The pET28a-His-ftsZ plasmid was transformed into E. coli BL21, plated on kanamycin-containing agar plates (50 μg/mL), and incubated overnight at 37°C in a constant temperature incubator. Monoclonal clones were selected and inoculated into 100 mL of TY medium (2.4% yeast extract, 1.2% tryptone, 0.94% wt/vol K₂HPO₄, and 0.02% wt/vol KH₂PO₄) under oxic conditions, and cultured for 24 h at 37°C with shaking at 220 rpm. The cultures were centrifuged at 3000 g for 20 min at ambient temperature, with the supernatant discarded. The precipitate was resuspended in the buffer containing 50 mM Tris, 300 mM NaCl at pH 7.5, with 1% PMSF, 1% lysozyme, and 1% Triton X-100 added, and incubated on ice for 30 min. The cell disruption was performed at 1000 Bar until the lysate was clear and transparent. The lysate was centrifuged at 18,000 g for 20 min at 4°C, and the supernatants and pellets were collected and analyzed for protein production by SDS-PAGE.

The pME6032-GST-icd recombinant plasmid was transformed into PAO1 by electrotransformation, grown to an OD₆₀₀ of approximately 0.6. Gene expression was induced with 0.8 mM IPTG at 16°C and 220 rpm for 24 h. Following cell lysis, the supernatant was analyzed by Western blot to examine protein production.

Bacterial two-hybrid screen

Bacterial two hybrid screening has been modified based on previous reports (Karimova et al., 1998). The plasmids pUT18-icd and pKNT25-ftsZ were simultaneously electrotransformed into E. coli BTH101. The bacteria were cultured on solid medium containing 40 μg/mL X-gal (5-bromo-4-chloro-3-indolyl-β-D-galactoside) as a chromogenic substrate and 50 μg/mL kanamycin and 100 μg/mL carbenicillin as antibiotics. IPTG (isopropyl-β-D-thiogalactoside) was typically added to the medium at a concentration of 0.5 mM to induce the expression of the full hybrid protein and the β-galactosidase reporter gene. To exclude false-positive clones, putative positive clones were selected and reseeded on LB agar plates containing 50 μg/mL kanamycin, 100 μg/mL carbenicillin, 0.5 mM IPTG, and X-gal, with true positive clones expected to yield blue colonies on these plates once again.
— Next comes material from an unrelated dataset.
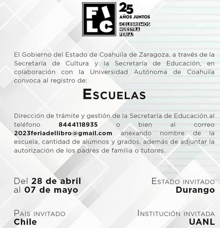 Para coordinar las acciones que optimicen la organización de la Feria Internacional del Libro Coahuila 2023 (FILC) en su vigésima quinta edición, se reunieron los titulares de la Secretaría de Educación, Francisco Saracho Navarro y de Cultura, Ana Sofía García Camil.

Bacterial cells with β-galactosidase activity to be detected were added with 0.5 mM IPTG and appropriate antibiotics in 3–5 mL LB and stirred 6 h at 220 rpm at 37°C. 50 μL bacterial suspension was added to 370 μL of Z buffer (100 mM Na₂HPO₄, 10 mM NaH₂PO₄, 10 mM KCl, 1 mM MgSO₄, 5.4 μL/mL β-galactosidase, pH 7.0), followed by the addition of 20 μL chloroform and 10 μL of 0.1% SDS solution. After incubation on ice for 30 min, 4 mg/mL ONPG (o-Nitrophenyl β-D-galactopyranoside) was added, and the mixture was well mixed before being placed at 30°C for the reaction. After 30 min, a yellow color was observed. The reaction was terminated by adding 250 μL of 1 M Na₂CO₃ solution, and the time of color change was accurately recorded. Absorbance at 420 nm and 550 nm was measured. Miller Units were calculated using the formula: Miller Units = 1,000 x (OD₄₂₀–1.75 x OD₅₅₀)/t(min) x V(mL) x OD_600.
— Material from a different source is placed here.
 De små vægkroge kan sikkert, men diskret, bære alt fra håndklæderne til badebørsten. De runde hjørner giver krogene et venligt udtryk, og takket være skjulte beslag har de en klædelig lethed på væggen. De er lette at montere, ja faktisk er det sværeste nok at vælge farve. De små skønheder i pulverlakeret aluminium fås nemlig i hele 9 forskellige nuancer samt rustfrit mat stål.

In vitro pull-down analysis

After lysing the P. aeruginosa PAO1 strain overexpressing GST-icd or the E. coli BL21 strain overexpression His-ftsZ, the samples were centrifuged at 18000 g for 20 min, and the supernatants were collected separately. After mixing the supernatants containing 1 mL of GST-Icd and 50 μL of His-FtsZ, the mixture was added to the cleaned 50 μL GST resin and incubated for 2 h then washed 5 times with PBS buffer. The mixture of GST protein and His-FtsZ protein, as well as a supernatant containing only GST-Icd or His-FtsZ were used as controls. After the protein bound to the resin, the resin was centrifuged at 3000 g for 2 min, and the supernatant was discarded. The samples were washed three times with 1 mL PBS buffer, and the final centrifugation step ensured maximum removal of the supernatant.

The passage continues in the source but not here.